Byron Rogers moved to Blakesley, in Northamptonshire, long before fleeing the city for the country became everyone’s dream. Over the years, his “Village Voice” column in London’s Daily Telegraph observed his village’s gradual evolution from a place where people lived from cradle to grave, into a dormitory haven for car-borne commuters. Now, in The Green Lane to Nowhere, his touching, frequently hilarious chronicle can be enjoyed by a wider audience. Here is the Methodist chapel that became an auto showroom, the summer gala where the author bought his neighbor’s shirts, his elevation to heady civic responsibility as Warden of the Paths, and the pathos of the village’s oldest resident finally having to quit her ancestral home. It is an enchanting book that will appeal to anyone who has ever dreamed of leaving the metropolis behind. Byron Rogers is the author of An Audience with an Elephant.
Byron Rogers is a Welsh journalist, essayist and biographer. In August, 2007 the University of Edinburgh awarded him the James Tait Black Memorial Prize for the best biography published in the previous year, for The Man Who Went Into the West: The Life of RS Thomas. The Archbishop of Canterbury, Rowan Williams, said of the book: "Byron Rogers's lively and affectionate biography is unexpectedly, even riotously, funny."

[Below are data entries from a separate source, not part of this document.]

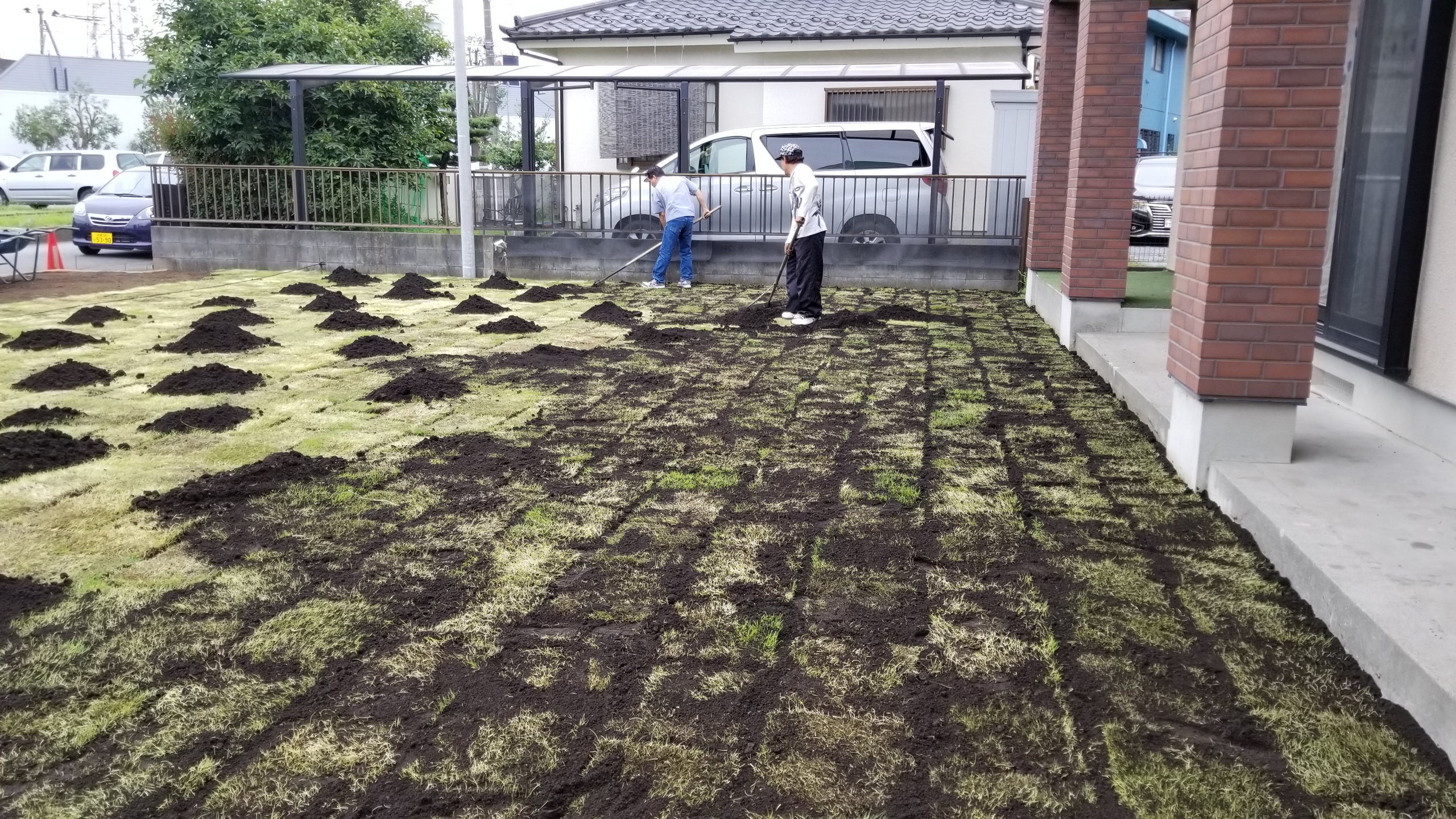 この時期の芝張りは水の管理が大切で乾燥しないよう気を付けなければなりません(;^ω^)
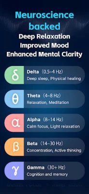 Dizajnirana za svestranu upotrebu, aplikacija "Binaural Beats: Sleep & Focus" je vaš pratilac za različite potrebe. Oslobađanje od stresa, produbljivanje vežbi svesnosti, postizanje mirne usredsređenosti tokom učenja ili rada, kao i priprema za opušteno veče – sve to postaje dostupno jednostavnim odabirom odgovarajućeg zvučnog pejzaža. Uronite u tišinu uma, podržanu naučno utemeljenim frekvencijama koje vam pomažu da pronađete svoj balans i jasnoću u svakom trenutku. Prepustite se mirnom slušanju i otkrijte svoj potencijal za mirniji i fokusiraniji život.
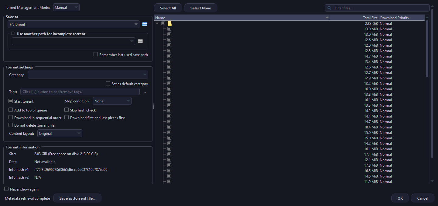 - It will open a pop-up window in qBittorrent. Client will retrieve all the metadata and then show all the files and folders, where to download them, and other settings. After adjusting everything, click OK.

Born and raised in Carmarthen, he now lives in Northamptonshire. He has written for Sunday Telegraph and The Guardian, and was once speech writer for the Prince of Wales. It has been written of his essays that he is "a historian of the quirky and forgotten, of people and places other journalists don't even know exist or ignore if they do".

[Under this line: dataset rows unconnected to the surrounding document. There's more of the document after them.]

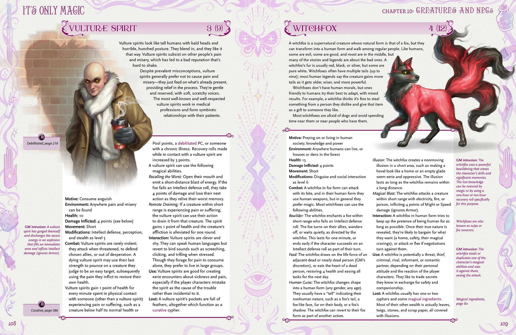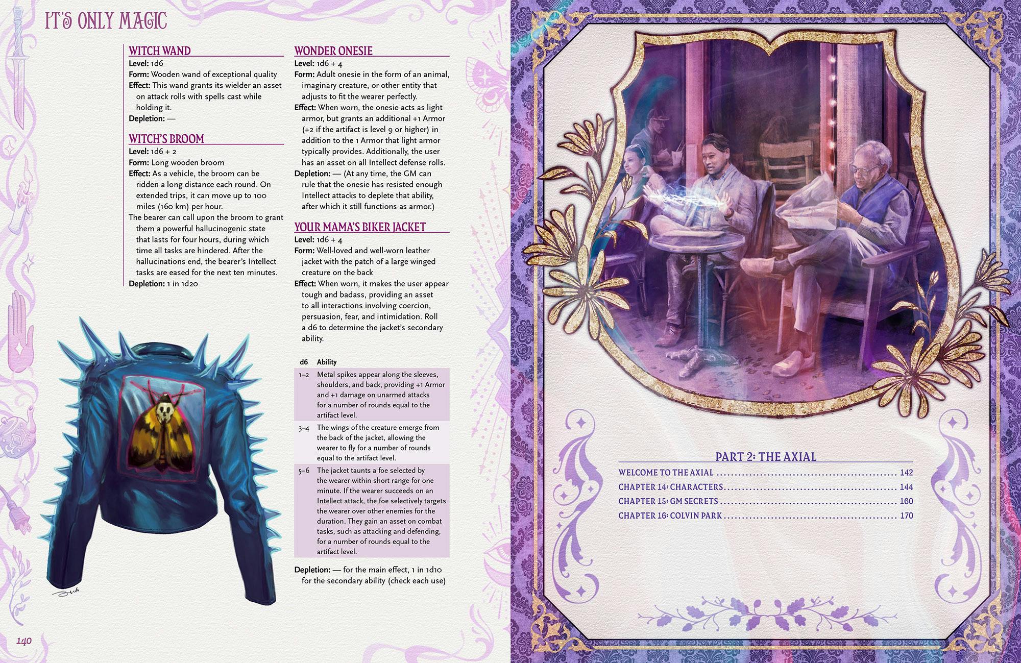 Just got the PDF for It's Only Magic (physical copy on it's way)! I've just had a chance to skim over it and it looks fantastic! One of my favorite Cypher System books. I really want to run this. I also have to say that "Remote Slap" is the best power ever. ;)
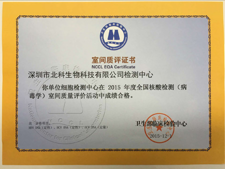 至今,北科生物自2011年以來,已參加4次衛生部臨床檢驗中心組織的室間質評活動,均獲得合格的《室間質評證書》;今后,深圳細胞質量檢測平臺將持續參加室間質評項目,為客戶儲存的細胞及制備臨床級細胞提供更安全保障。
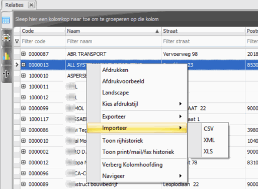 - Klik met de rechtermuisknop op een rij en klik op Importeer.
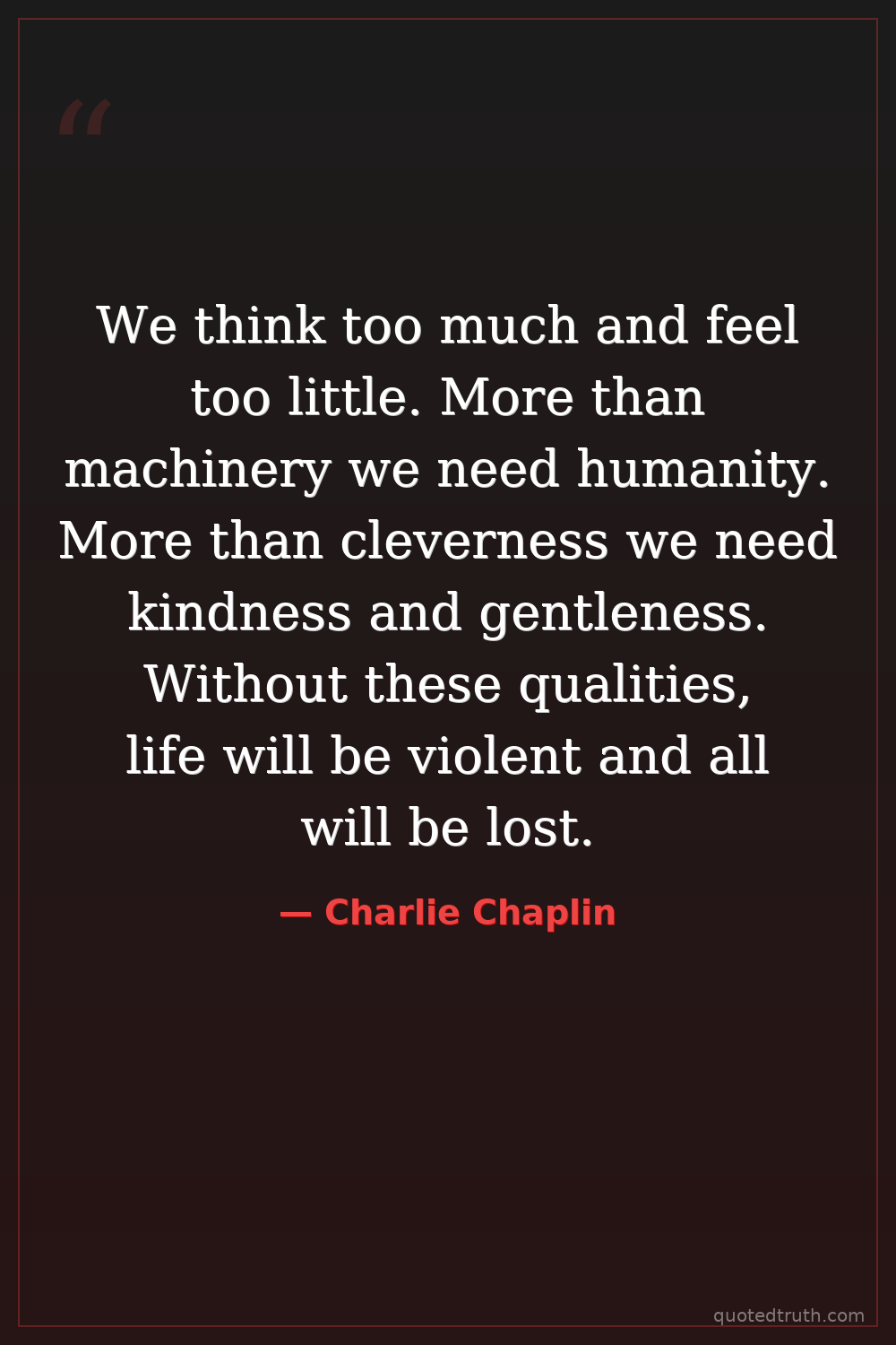 We think too much and feel too little. More than machinery we need humanity. More than cleverness we need kindness and gentleness. Without these qualities, life will be violent and all will be lost.

A bittersweet selection of articles written by Rogers about his home village in Northamptonshire. I enjoyed his style of writing - just on the right side of curmudgeonly, honest and with a wry humour. He doesn't glamorise the rural life and often mourns the past - even though he knows that in many ways the old style of doing things was not good, unless you were the Squire of course. However, despite the articles only being written in the 1980s and 1990s the book felt incredibly dated. I guess he is writing before the internet really started to affect people's lives, working or otherwise. An example is that Rogers bemoans the fact that he is practically the only working man in the village during the week as all the other men have left for the nearest towns in their 'executive cars'. Nowadays no doubt many would be working from home. You could easily end up feeling a bit nostalgic for both the past that Rogers talks about AND the village he describes in the 80s and 90s as both have gone!